Mas não cantei. Apenas obrigava-me a não olhar para nenhum deles. Fazia as poses mais independentes e ficava esperando com impaciência que eles fossem os primeiros a me dirigir a palavra. Desgraçadamente, eles não a dirigiram. E como, como eu desejava naquele instante fazer as pazes com eles! Soaram as oito horas e, por fim, as nove horas. Eles deixaram a mesa e foram para o divã. Zverkov estendeu-se num canapé e colocou a perna sobre uma mesinha redonda. O vinho foi transferido para lá. Zverkov mandou de fato servirem três garrafas por sua conta. É obvio que ele não me convidou. Sentaram-se todos em volta dele, no divã, e ficaram ouvindo-o quase com veneração. Era evidente que gostavam dele. “Por quê? Por quê?”, pensava comigo. De vez em quando eles atingiam um entusiasmo etílico e se beijavam. Falavam do Cáucaso, da verdadeira paixão e de como ela seria, do gálbik, de postos vantajosos na carreira; falavam de quanto tinha de renda o hussardo Podkharjévski, que ninguém ali conhecia pessoalmente, mas ficaram felizes por ele ter uma renda tão grande; falou-se da beleza incomum e da graça da princesa D., que também nenhum deles jamais vira; finalmente, chegaram à afirmação de que Shakespeare era imortal.

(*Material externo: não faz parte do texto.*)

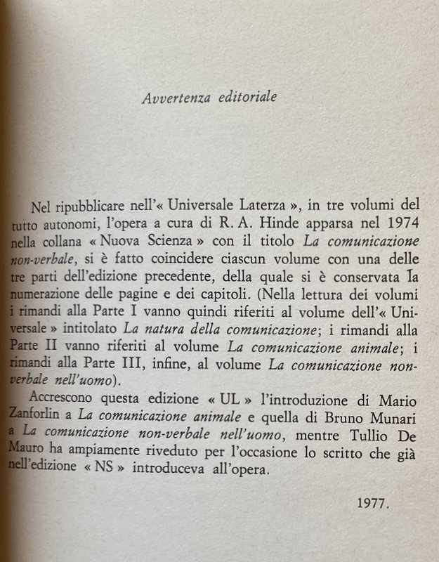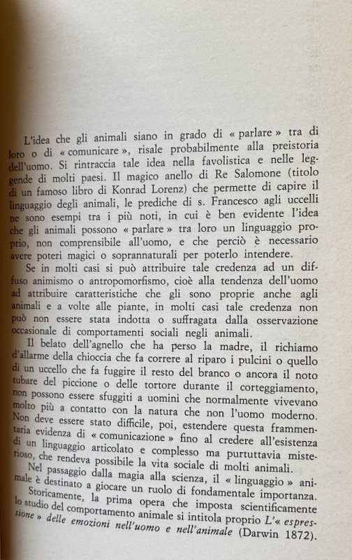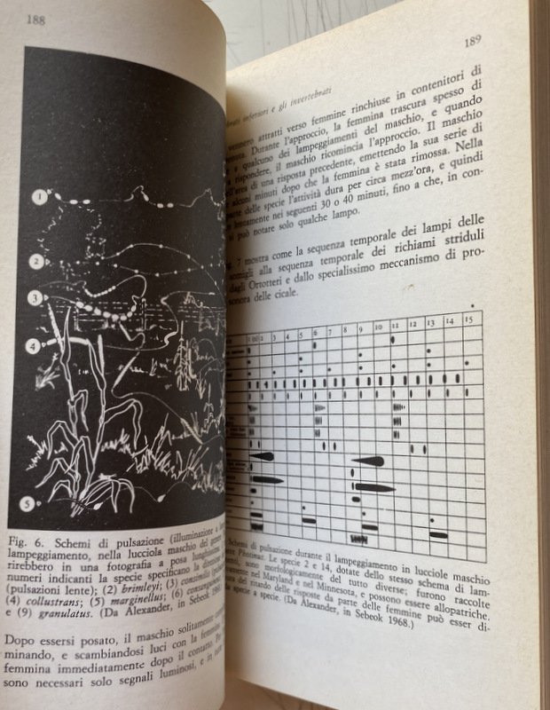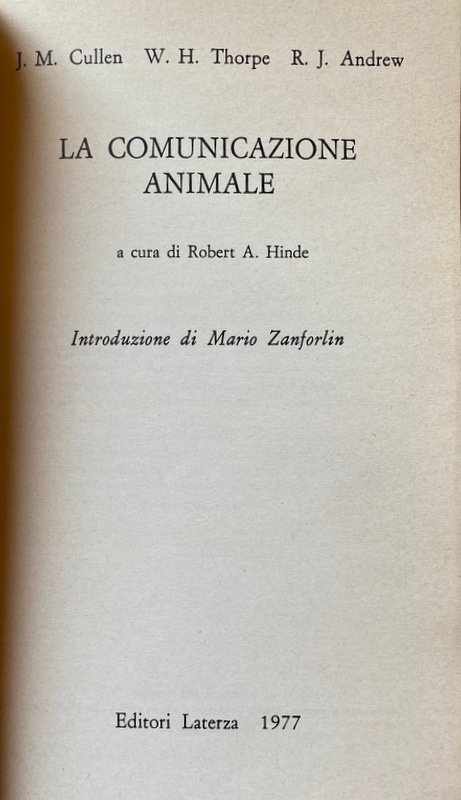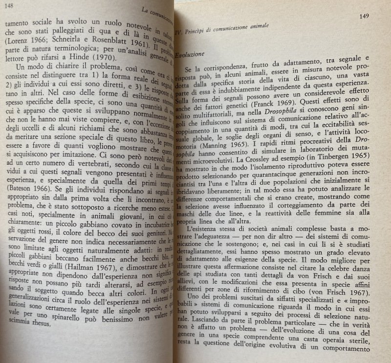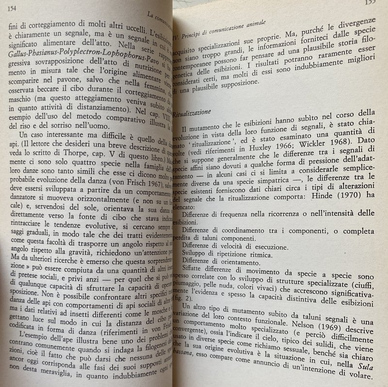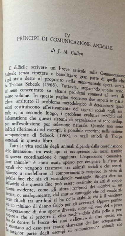 Soggetti: Etologia, Zoosemiotica, Zoologia, Comunicazione non verbale, Linguistica, Linguaggio, Psicologia comparata, Uomini, Esseri umani, Animali, Mondo animale, Comportamento, Comunicare, Specie, Natura, Scienze sociali, Bruno Munari, Tullio De Mauro, Re Salomone, Konrad Lorenz, San Francesco, Charles Darwin, Uccelli, Segni, Segnali acustici, visivi, tattili, Suoni, Evoluzione, Ontogenesi, Riti, Rituali, Ritualizzazione, Vertebrati, Invertebrati, Mammiferi, Esibizioni, Osservazioni, Risposte, Ornitologia, Esperimenti, Informazioni, Trasmissione, Hubert, Mable Frings, Danilo Mainardi, Gerarchie, Corteggiamento, Riproduzione, Difesa, Territorio, Riconoscimento, Gruppi, Comunità, Individui, Relazioni, Biologia, Coordinazione, Cooperazione, Ecologia, Istinto, Intelligenza, Le Comportement animal: Une synthèse d'éthologie et de psychologie comparative, Modelli, Significato, Studi, Meccanismi, Imprinting, Apprendimento, Imitazione, Paura, Fuga, Attacco, Aggressività, Ferormoni, Attrazione, Adattamento, Ambiente, Rinforzamento, Assuefazione, Protezione, Rettili, Erpetologia, Teorie, Labirinto, Stimoli, Movimenti, Volo, Ali, Memoria, Condizionamento, Karl von Frisch, Lloyd Morgan, Douglas Spalding, Uexküll, Hans Lissmann, Oskar Heinroth, Niko Tinbergen, Nido, Nidificazione, Cuccioli, Allevamento, Altenberg, Insetti, Farfalle, Imprinting, Sistema nervoso centrale, Innatismo, Minaccia, Gabbiani, Pesci, Rostro, Piume, Becco, Genitori, Interazioni, Avversari, Conquista, Occupazione, Territorialità, Imenotteri, Nomadismo, Spostamenti, Stormi, Fringuelli, Sessualità, Direzione, Distanza, Richiamo, Danza, Acqua, Grugnito, Vagito, Fusa, Latrato, Barrito, Anfibi, Rana, Gallo, Gallina, Api, Fagiano, Pavone, Accoppiamento, Étienne, Schemi di azione fissi, Pulcini, Api, Naturalisti, Cibo, Alimentazione, Impollinamento, Caccia, Lotta, Maschi, Femmine, Ectoparassiti, Vantaggio, Scimmie, Scimpanzé, Lucciole, Colori, Pelle, Mimesi, Mimetizzazione, Combattimenti, Antilopi, Selezione naturale, Specializzazione, Performance, E.O. Wilson, W. Craig, J.S. Huxley, J.B. Falls, Emancipazione, Thomas A. Sebeok, Critica, Genetica, Primati, Habitat, Catena alimentare, Canto, Sonograph, Playback, Clever Hans, Riconoscimento, A.D. Blest, J.C. Brémond, Noam Chomsky, K. Immelmann, P. Marler, W. Wickler, R.D. Alexander, R.R. Capranica, J. Crane, D.J. Crisp, I. Eibl-Eibesfeldt, K. Frisch, L.T. Evans, H. Kleerekoper, J.P. Froloff, T.W. Galloway, B.M. Shaffer, A.M. Wenner, W.N. Tavolga, P. Marler, D.L. Lack, W. Montagna, W.W. Roberts, Principi, Bibliografia, Riferimento, Consultazione, Manuali, Libri di testi universitari, Classici, Collezionismo, Libri Vintage fuori catalogo, Serpenti, Lucertole, Blurton Jones, Sokolov, Contrasto stimolatorio, Esibizioni, Pettirosso, Vocalizzi, Copulazione, Famiglia, Piccoli, Prede, Cicadidi, Ortotteri, Predatori, Lampeggiamenti, Imitazione, Chimica, Rivali, Morfologia, Ethology, Zoosemiotics, Zoology, Nonverbal communication, Linguistics, Language, Comparative psychology, Men, Human beings, Animals, Animal world, Behavior, Communicate, Species, Nature, Social sciences, King Solomon, Saint Francis, Birds, Signs, Acoustic signals, visual, tactile, Sounds, Evolution, Ontogeny, Rites, Rituals, Ritualization, Vertebrates, Invertebrates, Mammals, Performances, Observations, Answers, Ornithology, Experiments, Information, Transmission, Hierarchies, Courtship, Reproduction, Defense, Territory, Recognition, Groups, Community, Individuals, Relationships, Biology, Coordination, Cooperation, Ecology, Instinct, Intelligence, Patterns, Meaning, Studies, Mechanisms, Imprinting, Learning, Imitation, Fear, Escape, Attack, Aggression, Pheromones, Attraction, Adaptation, Environment, Reinforcement, Addiction, Protection, Reptiles, Herpetology, Theories, Labyrinth, Stimuli, Movements, Flight, Wings, Memory, Conditioning, Nesting, Cubs, Breeding, Altenberg, Insects, Butterflies, Central nervous system, Inbreeding, Threat, Seagulls, Fishes, Rostrum, Feathers, Beak, Parents, Interactions, Opponents, Conquest, Occupation, Territoriality, Hymenoptera, Nomadism, Movements, Flocks, Finches, Sexuality, Direction, Distance, Call, Dance, Water, Grunt, Wail, Purr, Bark, Trumpet, Amphibians, Frog, Rooster, Hen, Bees, Pheasant, Peacock, Mating, Étienne, Fixed action patterns, Chicks, Bees, Naturalists, Food, Feeding, Pollination, Hunting, Fight, Males, Females, Ectoparasites, Advantage, Monkeys, Chimpanzees, Fireflies, Colors, Skin, Mimesis, Camouflage, Fighting, Antelopes, Natural selection, Specialization, Exhibitions, Emancipation, Criticism, Genetics, Primates, Food chain, Singing, Recognition, Principles, Bibliography, Reference, Consultation, Manuals, Textbooks, Classics, Collectables, Out of print Books, Snakes, Lizards, Stimulatory Contrast, Vocalizations, Copulation, Family, Small, Prey, Cycads, Orthoptera, Predators, Flashes, Imitation, Chemistry, Rivals, Morphology

Eu sorria com desprezo e caminhava no outro lado da sala, ao longo da parede, bem em rente ao divã, e ia da mesa à lareira e voltava. Queria a todo custo mostrar-lhes que podia passar sem eles; enquanto isso, fazia de propósito barulho com as botas, pisando com os tacões. Mas era tudo em vão. Eles nem prestavam atenção. Eu tive a paciência de ficar andando dessa maneira, bem na frente deles, das oito às onze horas, sempre no mesmo lugar, da mesa para a lareira e da lareira para a mesa. “Estou caminhando porque quero, e ninguém pode me proibir”. O empregado que nos atendia parou várias vezes e ficou me olhando; de tanto ir e vir, minha cabeça começou a girar; por momentos, tive a impressão de estar delirando. Nessas três horas, por três vezes fiquei empapado de suor e três vezes me sequei. De vez em quando, com uma dor profunda e venenosa, um pensamento perpassava meu coração: de que vão se passar dez, vinte, quarenta anos, e eu ainda me lembrarei com humilhação e asco desses momentos, os mais sórdidos, ridículos e terríveis de toda a minha vida. Era impossível humilhar-me de maneira ainda mais vergonhosa e voluntária. Eu entendia total e plenamente isso; no entanto continuava a caminhar da mesa para a lareira e vice-versa. “Ah, se vocês ao menos soubessem os sentimentos e as ideias de que sou capaz e como sou culto!”, pensava por alguns instantes, dirigindo-me mentalmente ao divã onde meus inimigos estavam sentados. Mas meus inimigos comportavam-se como se eu não estivesse na sala. Uma vez, somente uma única vez, eles se voltaram para mim, exatamente quando Zverkov falou sobre Shakespeare e eu repentinamente soltei uma gargalhada cheia de desdém. Soltei uma risada tão falsa e porca, que todos interromperam ao mesmo tempo a conversa e por alguns minutos ficaram observando sérios, sem rir, a minha caminhada ao longo da parede, entre a mesa e a lareira, e como eu não estava prestando a mínima atenção neles. Mas não deu em nada: eles não falaram comigo e dois minutos depois tornaram a me abandonar. Soaram as onze horas.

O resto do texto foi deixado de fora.